Home |
Write |
179 members |

Join with Aptibook

Hive interview questions and answers - Page 1

1. What is Hive

Hive is a data warehouse system for Hadoop that facilitates easy data summarization, ad-hoc queries, and the analysis of large datasets stored in Hadoop compatible file systems.

Hive was originally developed at Facebook. It’s now a Hadoop subproject with many contributors. Users need to concentrate only on the top level hive language rather than java map reduce programs. One of the main advantages of Hive is its SQLish nature. Thus it leverages the usability to a higher extend.

A hive program will be automatically compiled into map-reduce jobs executed on Hadoop. In addition, HiveQL supports custom map-reduce scripts to be plugged into queries.

Hive example:
selecting the employee names whose salary more than 100 dollars from a hive table called tbl_employee.

SELECT employee_name FROM tbl_employee WHERE salary > 100;

Users are excited to use Hive since it is very similar to SQL.

2. What are the types of tables in Hive

There are two types of tables.
1. Managed tables.
2. External tables.

Only the drop table command differentiates managed and external tables. Otherwise, both type of tables are very similar.

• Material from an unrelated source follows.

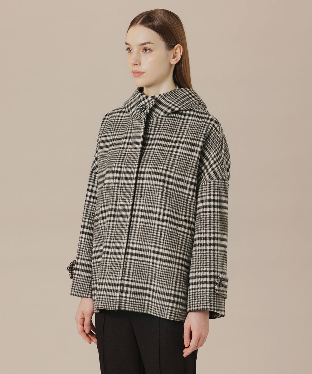 MACKINTOSH LONDONの定番モデル「ROSLEY/ロズリー」のフーデットショートコートです。ドロップした肩、裾に向けて広がる優雅なシルエットはインナーやボトムを選ばず、どなたが着ても様になるコートです。総裏地付きです。同素材のステンカラーコート(品番:G5B09657)もご用意しております。

3. Does Hive support record level Insert, delete or update

Hive does not provide record-level update, insert, or delete. Henceforth, Hive does not provide transactions too.

However, users can go with CASE statements and built in functions of Hive to satisfy the above DML operations. Thus, a complex update query in a RDBMS may need many lines of code in Hive.

4. What kind of datawarehouse application is suitable for Hive

Hive is not a full database. The design constraints and limitations of Hadoop and HDFS impose limits on what Hive can do.

Hive is most suited for data warehouse applications, where

1) Relatively static data is analyzed,
2) Fast response times are not required, and
3) When the data is not changing rapidly.

Hive doesn’t provide crucial features required for OLTP, Online Transaction Processing. It’s closer to being an OLAP tool, Online Analytic Processing.
So, Hive is best suited for data warehouse applications, where a large data set is maintained and mined for insights, reports, etc.

5. How can the columns of a table in hive be written to a file

By using awk command in shell, the output from HiveQL (Describe) can be written to a file.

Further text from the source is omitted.